#### Instructions to follow:
The reply is to be the lines from the one with "Mieszkanie o powierzchni" through the last line of the records below, each retyped exactly, with pictures left out.

(Records contained in a dataset)

================================

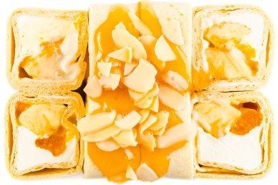 Стоит заметить, что компания «Макароллыч» в Ижевске даже готова предложить сладкие роллы тортилья. Так, их основу составляют банан, манго, сгущенное молоко, шоколадный топпинг, миндальные лепестки.
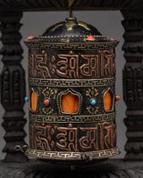 Sacred Tibetan Spinning Mantra Wheel | Copper, Coral, and Turquoise Stones
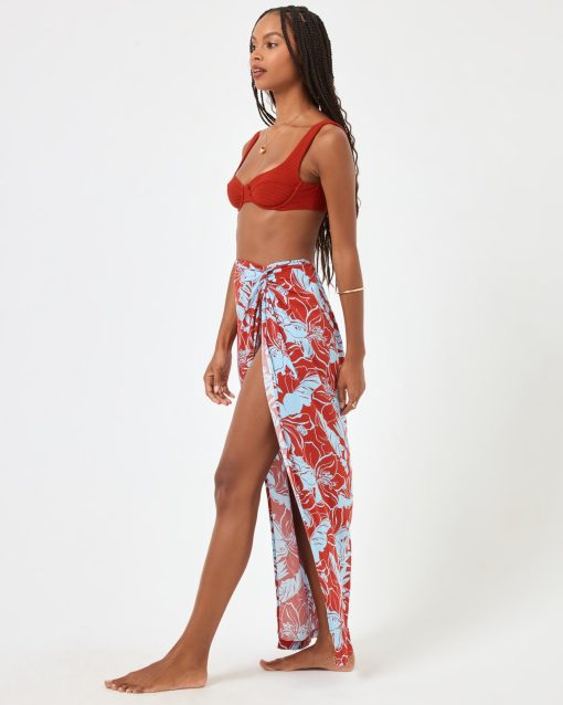 The classic sarong gets an upgrade with the Mia Cover-Up. Easy to wear and undeniably fun, this cover-up features an elastic waist and mock knotting detail.Light weight cover-up Elastic on back waist Size XS-XL Fabric Content: 100% viscose Like all delicates, shape, color and fit are best preserved if hand washed in cold water. Lay flat to dry.
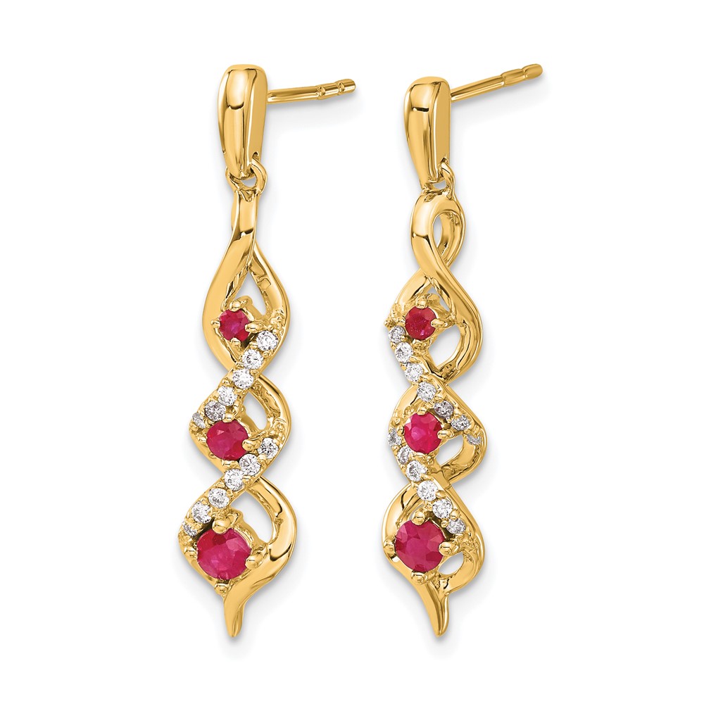 14k Yellow Gold Diamond and Ruby Post Dangle Earrings
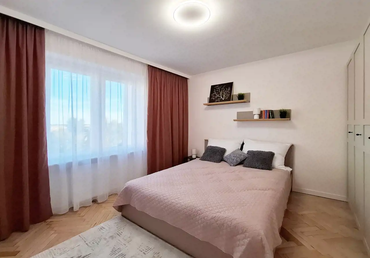 Mieszkanie o powierzchni 46 m² znajduje się na drugim piętrze kameralnego bloku z cegły. Jest świeżo po remoncie i wykończone w wysokim standardzie:
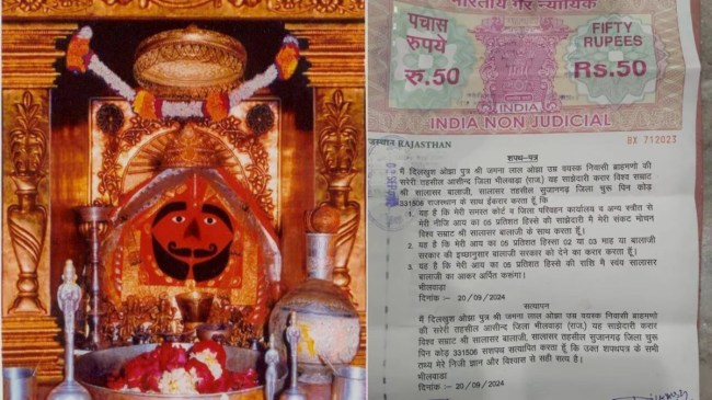 рд░рд╛рдЬрд╕реНрдерд╛рди рдХреЗ рджрд┐рд▓рдХреБрд╢ рдУрдЭрд╛ рдиреЗ рд╕рд╛рд▓рд╛рд╕рд░ рдмрд╛рд▓рд╛рдЬреА рдореЗрдВ рдХреБрдЫ рдРрд╕рд╛ рдХрд┐рдпрд╛, рдЬреЛ рдЪрд░реНрдЪрд╛ рдХрд╛ рд╡рд┐рд╖рдп рдмрди рдЧрдпрд╛ред рдирд┐рддрд┐рди рдкреБрдЬрд╛рд░реА рдХреА рдЙрдкрд╕реНрдерд┐рддрд┐ рдореЗрдВ рджрд┐рд▓рдХреБрд╢ рдУрдЭрд╛ рдЦреБрдж рд╣реА рдПрдХ рдПрдЧреНрд░реАрдореЗрдВрдЯ рд▓реЗрдХрд░ рдкрд╣реБрдВрдЪреЗ рдФрд░ рдЕрдкрдиреА рдЖрдп рдХрд╛ 5% рд╣рд┐рд╕реНрд╕рд╛ рджрд╛рди рдХрд░рдиреЗ рдХрд╛ рд╢рдкрде рдкрддреНрд░ рд╕реМрдВрдкрд╛ред рдУрдЭрд╛ рдХреА рдЗрд╕ рдкрд╣рд▓ рдиреЗ рдЙрдирдХреЗ рдЧрд╣рд░реЗ рдзрд╛рд░реНрдорд┐рдХ рд╡рд┐рд╢реНрд╡рд╛рд╕ рдФрд░ рд╕рдорд░реНрдкрдг рдХреЛ рд╕рд╛рдл рджрд░реНрд╢рд╛рдпрд╛ред

================================

#### Exercise response:
 Mieszkanie o powierzchni 46 m² znajduje się na drugim piętrze kameralnego bloku z cegły. Jest świeżo po remoncie i wykończone w wysokim standardzie:
 рд░рд╛рдЬрд╕реНрдерд╛рди рдХреЗ рджрд┐рд▓рдХреБрд╢ рдУрдЭрд╛ рдиреЗ рд╕рд╛рд▓рд╛рд╕рд░ рдмрд╛рд▓рд╛рдЬреА рдореЗрдВ рдХреБрдЫ рдРрд╕рд╛ рдХрд┐рдпрд╛, рдЬреЛ рдЪрд░реНрдЪрд╛ рдХрд╛ рд╡рд┐рд╖рдп рдмрди рдЧрдпрд╛ред рдирд┐рддрд┐рди рдкреБрдЬрд╛рд░реА рдХреА рдЙрдкрд╕реНрдерд┐рддрд┐ рдореЗрдВ рджрд┐рд▓рдХреБрд╢ рдУрдЭрд╛ рдЦреБрдж рд╣реА рдПрдХ рдПрдЧреНрд░реАрдореЗрдВрдЯ рд▓реЗрдХрд░ рдкрд╣реБрдВрдЪреЗ рдФрд░ рдЕрдкрдиреА рдЖрдп рдХрд╛ 5% рд╣рд┐рд╕реНрд╕рд╛ рджрд╛рди рдХрд░рдиреЗ рдХрд╛ рд╢рдкрде рдкрддреНрд░ рд╕реМрдВрдкрд╛ред рдУрдЭрд╛ рдХреА рдЗрд╕ рдкрд╣рд▓ рдиреЗ рдЙрдирдХреЗ рдЧрд╣рд░реЗ рдзрд╛рд░реНрдорд┐рдХ рд╡рд┐рд╢реНрд╡рд╛рд╕ рдФрд░ рд╕рдорд░реНрдкрдг рдХреЛ рд╕рд╛рдл рджрд░реНрд╢рд╛рдпрд╛ред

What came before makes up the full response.